On the Joint Interaction of Models, Data, and Features
This work provides incremental theoretical insights into feature learning for the machine learning community, addressing a fundamental gap in understanding model-data interactions.
The paper tackles the problem of understanding feature learning in deep learning by introducing an interaction tensor for empirical analysis, leading to a conceptual framework that explains phenomena like the Generalization Disagreement Equality and identifies data distributions that break it.

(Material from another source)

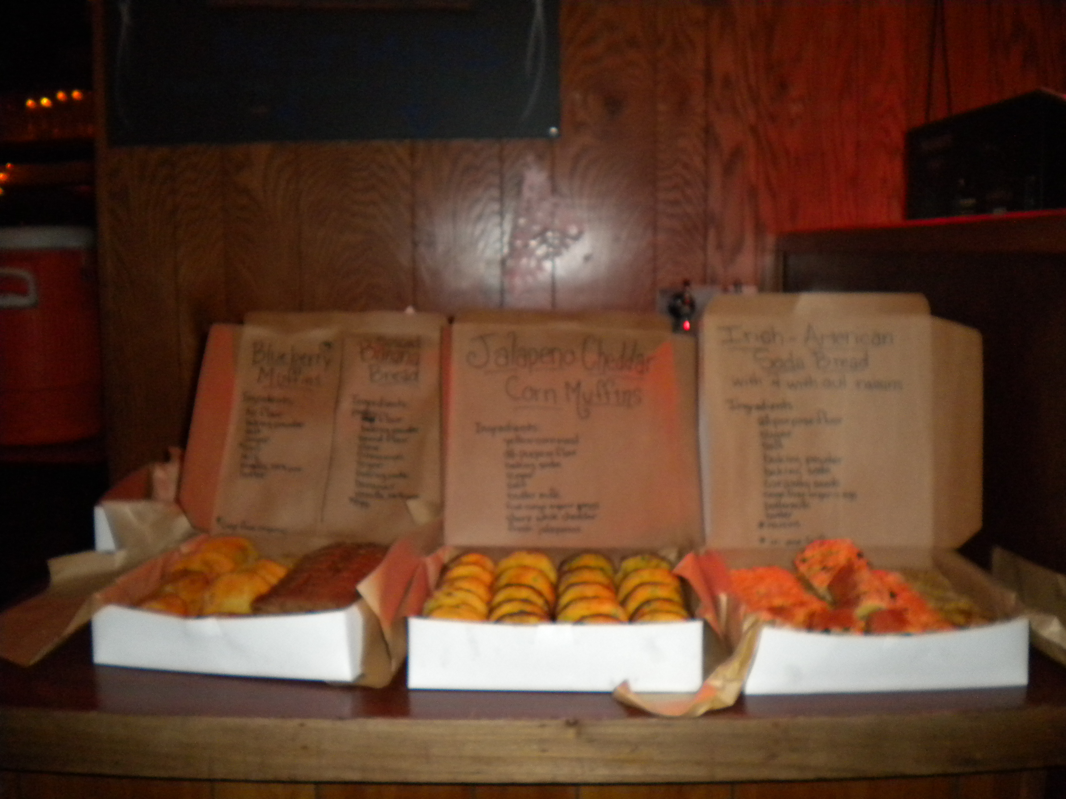 Rae started a new semester of culinary school this week, and supplied us with a amazing array of bounty, some of it homework, some of it just for fun. From left to right, there, we’ve got blueberry muffins, banana bread, jalapeno-cheddar-corn muffins, and Irish soda bread, both with raisins and without. Not shown, but very much eaten: molasses cookies and … some other little sugar cookie thing with jam filling.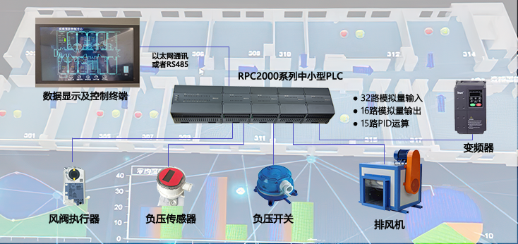 值得稱道的是,該方案僅用一套RPC2000系列PLC就可實(shí)現(xiàn)全部功能。CPU模塊自帶開關(guān)量輸入和輸出,通過擴(kuò)展模塊實(shí)現(xiàn)32路模擬量輸入和16路模擬量輸出,同時控制15間負(fù)壓隔離實(shí)驗(yàn)室。憑借強(qiáng)大的運(yùn)算和控制能力,RPC2000高效、精準(zhǔn)地實(shí)現(xiàn)了以往2至3套小型PLC才能實(shí)現(xiàn)的各項(xiàng)功能。

Learning features from data is one of the defining characteristics of deep learning, but our theoretical understanding of the role features play in deep learning is still rudimentary. To address this gap, we introduce a new tool, the interaction tensor, for empirically analyzing the interaction between data and model through features. With the interaction tensor, we make several key observations about how features are distributed in data and how models with different random seeds learn different features. Based on these observations, we propose a conceptual framework for feature learning. Under this framework, the expected accuracy for a single hypothesis and agreement for a pair of hypotheses can both be derived in closed-form. We demonstrate that the proposed framework can explain empirically observed phenomena, including the recently discovered Generalization Disagreement Equality (GDE) that allows for estimating the generalization error with only unlabeled data. Further, our theory also provides explicit construction of natural data distributions that break the GDE. Thus, we believe this work provides valuable new insight into our understanding of feature learning.